3.2. Comparison of the clinical characteristics of patients according to the three categorized periods
Fig. 1 A shows the number of patients newly diagnosed with COVID-19 during the study period in Sapporo city. (Data provided by Sapporo city; https://www.city.sapporo.jp/hokenjo/f1kansen/2019n-covhassei.html). A total of 948 patients were diagnosed during our observation period (February 26 to August 9). The number of patients diagnosed in the two hospitals (Fig. 1B) was similar to that of the whole Sapporo city. Based on these two figures, visually and for convenience, we considered that the first wave lasted until March 31 (period 1), the second wave was from April 1 to May 20 (period 2), and the latter dates fell under the third period (period 3). Table 1 shows the characteristics in each period, and the median age, disease severity, and duration from onset to admission were significantly different between the three periods. The median age was high in period 3 (1st, 59-year-old; 2nd, 57-year-old; 3rd, 72-year-old), the proportion of moderate/severe cases increased in the latter period (1st, 30.5%; 2nd, 33.3%; 3rd, 41.9%), and the duration from onset to admission was short in period 3 (median: 1st, 8 days; 2nd, 8 days; 3rd, 6 days). Six patients were asymptomatic, with three in period 2 and the others in period 3. The proportion of age was higher in the latter period and 74% of subjects were over 60 years old in period 3 (Fig. 2 A). “Healthcare Providers” refers to the individuals who worked in the hospitals, including doctors, nurses, and clerical staff. “Patients/Facilities Users” refers to those who were infected in other hospitals or medical facilities. The rate of Healthcare Providers was higher 43 (27.0%) in period 2 compared to periods 1 and 3 (Fig. 2B). The rate of Patients/Facilities Users was higher in periods 2 and 3 compared to period 1. Lopinavir/ritonavir was often used during the early period. After favipiravir became available, it replaced the use of lopinavir/ritonavir. Since evidence regarding the efficacy of dexamethasone was established, its usage has increased.
Fig. 1.
(A) The transition of positive PCR tests reported by date in Sapporo city. (B) The transition of the number of the newly admitted patients in two hospitals.
Fig. 2.
(A) Age distribution in each period (B) Proportion of the jobs and situations in each period.
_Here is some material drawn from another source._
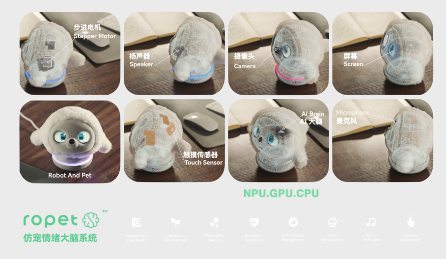 陪伴产品到底要怎么做?这是行业的核心问题。何嘉斌的答案是,负担要低、情绪给够。比如,ropet的传感器会模拟猫狗的反应,“如果它喜欢你,会盯着你看;摸它会积累亲密度;时间长了能通过人脸识别记住你,并用不同的音调回应。”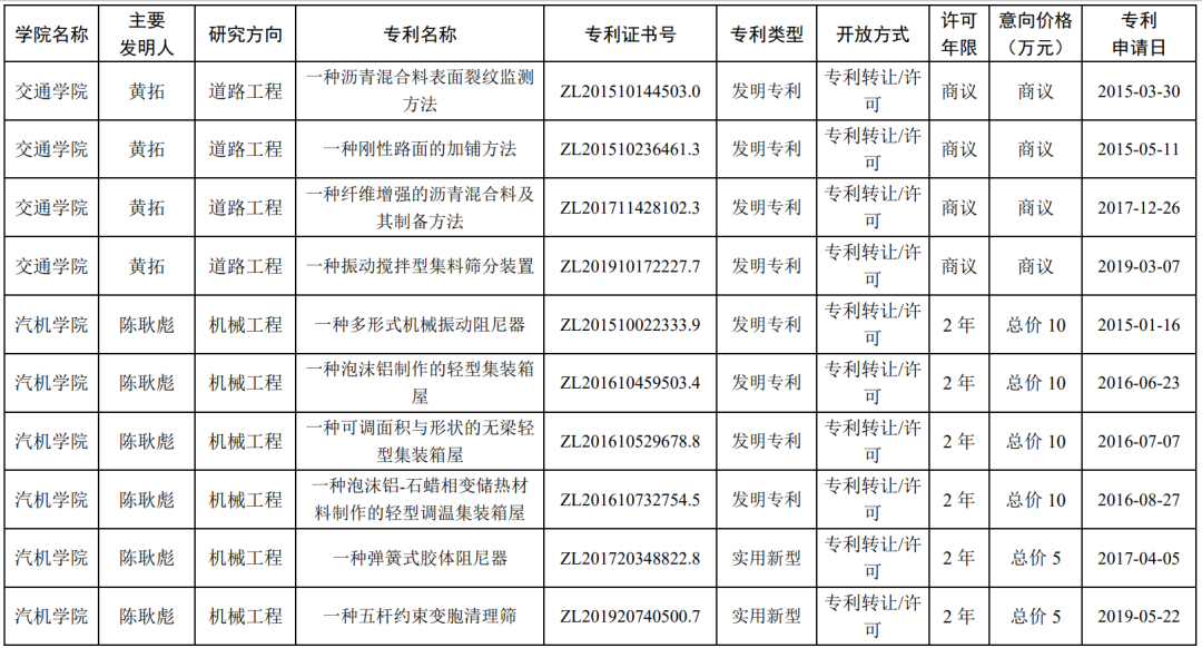 目前已开放第一批许可(转让)“科技许可(专利)”,共六十七项,涉及道路工程、机械工程、电力电子、能源环保、传热传质、风力发电等多个领域(详见下图)。

3.3. Comparison of the clinical characteristics of patients according to their jobs and situations
Table 2 shows the clinical characteristics of the patients by their jobs and situations (Health Providers, Patient/Medical Care Facility Users/Others). Most of the Healthcare Providers had a mild severity (84.1%), younger ages (median 48 years old), and were predominantly female (65.9%). The median age of Patients/Facilities Users was high (79 years old), and more than half of the subjects (64.8%) did not return back to their homes, but were transferred to other hospitals. The duration of the admission period in Patients/Facilities Users was longer (median 23 days) compared to that of the other two groups.
Table 2.
Characteristics of patients stratified by jobs and situations.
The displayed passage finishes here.